📜 ⬆️ ⬇️

Chromium: the sixth project check and 250 bugs

This text begins a series of articles devoted to the regular testing of the Chromium project with the help of the PVS-Studio static code analyzer. The articles will look at various error patterns and offer recommendations to reduce the likelihood of their occurrence in the code. However, before you begin, you need to write a kind of introduction that will answer a number of questions in advance, as well as provide Chromium developers with all the errors they have noticed that they can begin to correct without waiting for the end of the cycle of articles.

Andrey Karpov, PVS-Studio

Prehistory


My name is Andrey Karpov, and I am an evangelist of static analysis in general and the static analysis tool PVS-Studio in particular. However, the term “technical evangelist” is already becoming obsolete, and it is being replaced by “developer advocate”.

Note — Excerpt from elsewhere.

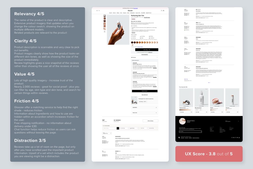 Although it isn’t perfect, Glossier have a great product page design that meets the users expectations, is clear and doesn’t create much friction.

I spend a lot of time writing material on improving the quality of the code and increasing the reliability of programs. Now I have a new reason to write a few articles on this topic - checking the open Chromium project with the help of the PVS-Studio analyzer. This is a big project, and in any big project live bugs of various types. This diversity allows you to consider several interesting topics related to the causes of these bugs and ways to prevent them.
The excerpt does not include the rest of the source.